The kind of policy could grow widely if the FDA regulates e-cigs as tobacco products. The Affordable Care Act permits insurers to charge up to 50 percent more for tobacco users. There's no national survey yet that counts such policies.

For now, board members of the Society for Human Resource Management's Kansas City chapter and several employment law attorneys say the issue of regulating e-cigs in the workplace is fairly quiet.

"It's not a big issue for us, but the question has been asked and we include electronic cigarettes in our policy prohibiting the use of tobacco products in the workplace," said Hallmark Cards vice president Steve Doyal.

Other human-resource officials have quietly and individually said no to e-cig use on the job, not wanting to open the door to wider use.

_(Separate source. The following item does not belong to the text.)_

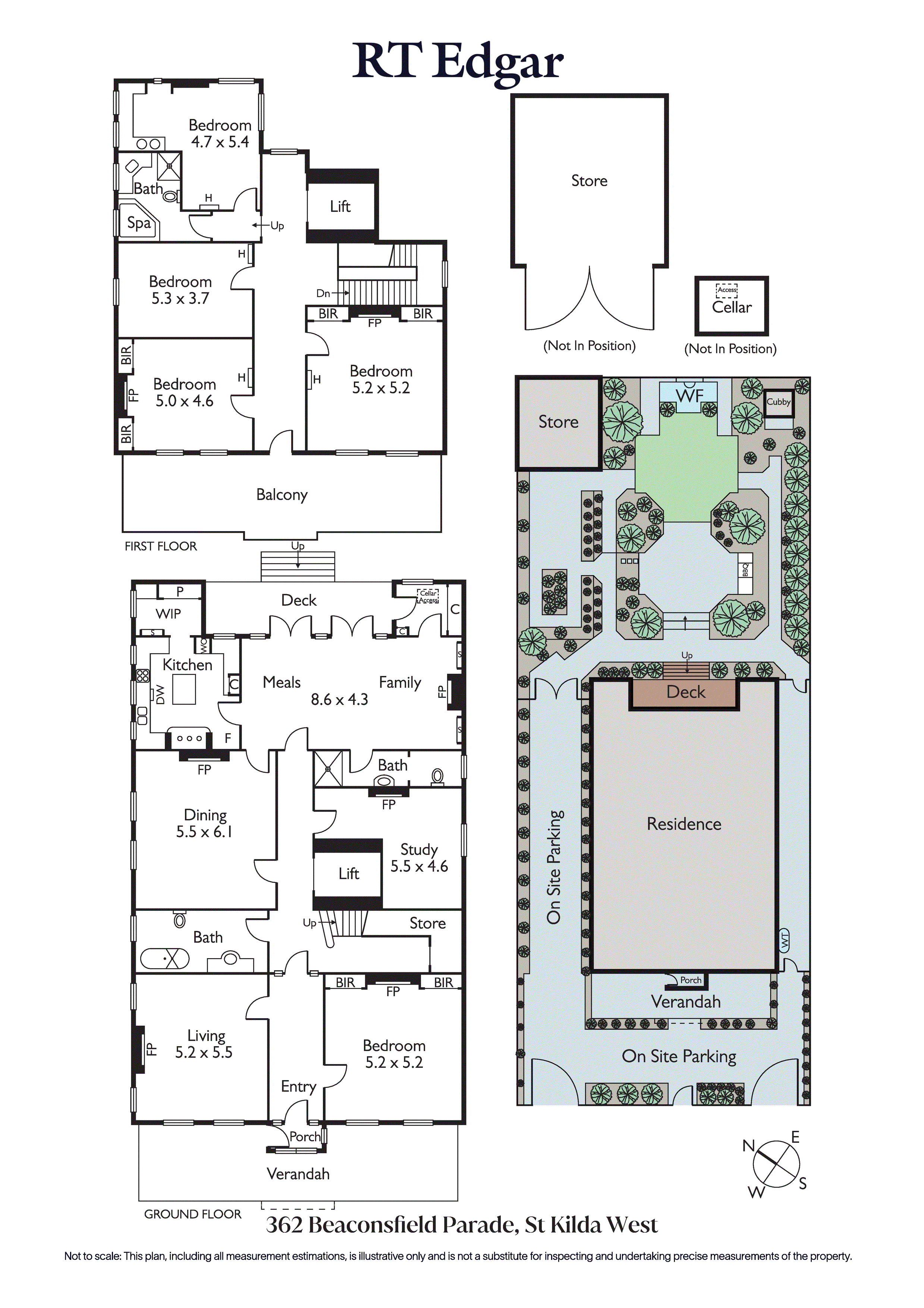 A king-sized main bedroom with water views, plus two bathrooms, is positioned on the ground floor, with the broad staircase, framed by a stunning stained-glass window, leading to four further bedrooms, a third bathroom and a deep terrace balcony with sweeping views over Catani Gardens to the glistening bay beyond. Beautifully presented and appointed with secure, dual-driveway access, parking for five, an underground cellar, ducted and electric heating, garden reticulation, intercom security and automated gates, it sits just steps from the sand, the Royal Melbourne Yacht Club, St Kilda Sea Baths, beachfront dining, elite schools and is only moments from Middle Park Village and the city. A legacy home in one of Australia's most exclusive coastal addresses, this is a generational opportunity, and it is available now.

Shelly Freeman, a Kansas City lawyer with HROI, a firm that advises employers on workplace law, said no clients had specifically asked about e-cigs but that she would recommend including them in their no-smoking policies.

"They certainly have the right to prohibit it on their premises," Freeman said. "But it also can depend on what city ordinances say, exactly."

Freeman added that for many employers, the health question shares top billing with the age-old productivity question about smoking: Do smokers spend too much time on breaks?

That question, because of wide variation in individual work habits of both smokers and nonsmokers, has no definitive answer and depends little on whether it's a tobacco or tobacco-free break.